Foreclosures and REOs Expected to Rise, but Raleigh Remains Healthy
Friday, March 25th, 2011The number of foreclosed properties and REOs is expected to increase further in 2011 across the U.S. Raleigh, North Carolina, will not be spared, analysts have predicted, but this has not stopped them from declaring the metro area as the healthiest housing market in the whole country.
Foreclosure properties in Raleigh home auctions are projected to increase, but the metro region of Raleigh-Cary still remained the healthiest housing market in the whole country, according to a ranking from Builder Magazine. The region has been chosen as the top residential property market among the 100 biggest home markets in the U.S. Another North Carolina metropolitan region, Durham-Chapel Hill, was ranked third; with Austin, Texas, taking the second spot.
According to housing market analysts, the ranking of Raleigh might be questioned by some, given that foreclosure auctions in North Carolina are also expected to rise, with most analysts estimating home prices to drop by 10% in the area in 2011. In addition, the region currently has an inventory of unsold homes equivalent to a supply of 10 months. However, the ranking was based not just on foreclosure numbers and housing prices, but also on several other factors like job market growth, income, building permits and unemployment levels.

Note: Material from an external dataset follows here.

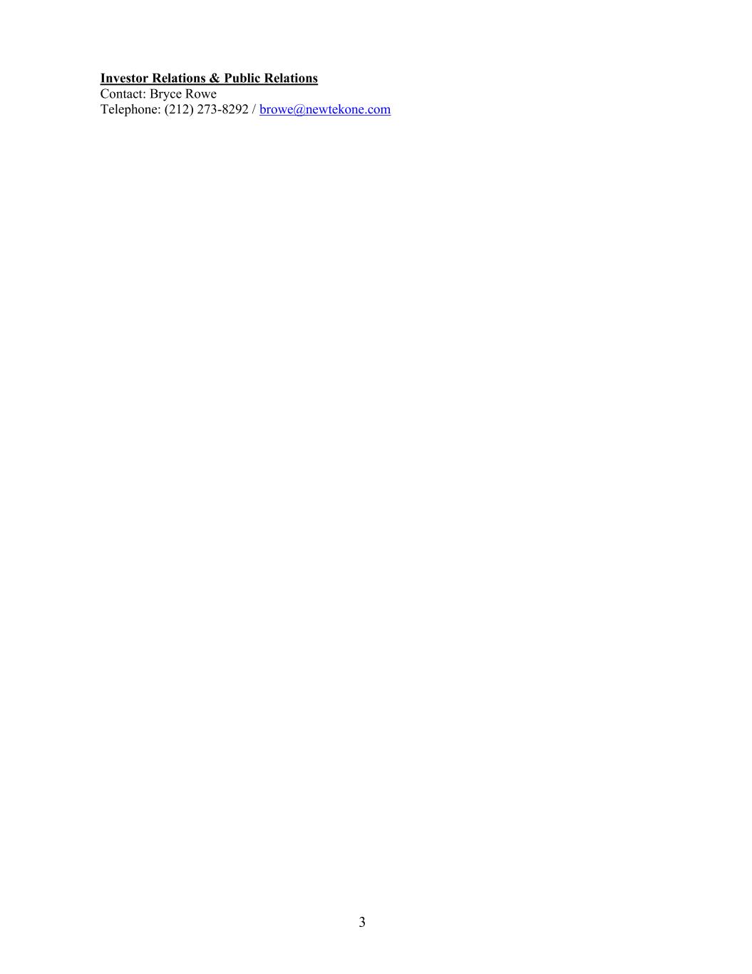 3 Investor Relations & Public Relations Contact: Bryce Rowe Telephone: (212) 273-8292 / browe@newtekone.com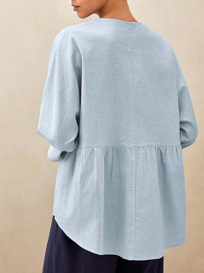 Women's Linen Crew Neck Casual Long Sleeve Top

Local analysts explained that the ranking was justified since Raleigh had been more resilient than other U.S. housing markets during the time when foreclosures and REOs are at their highest. Moreover, the metropolitan area has a better growth outlook than majority of U.S. regions, analysts further added. They also stated that the strength of Raleigh's housing market was mainly due to the fact that it did not experience the same rapid price increases seen in other home markets during the real estate boom.
This means that when the housing market crisis hits and the number of auctions of foreclosed homes started rising, the area also did not suffer from massive declines in home prices. Analysts also claimed that the fact that home building permits are up in the region shows that the market is recovering faster than other areas. Permits for single family construction jumped by 16% in Raleigh-Cary last year compared with the previous period.
Although a projected increase in foreclosures and REOs is also expected to put a drag on Raleigh's housing market recovery, analysts reveal that the bigger worry is the unemployment level. They said that the unemployment rate, which currently stands at over 8%, should decline in the coming months to ensure the recovery of the housing industry.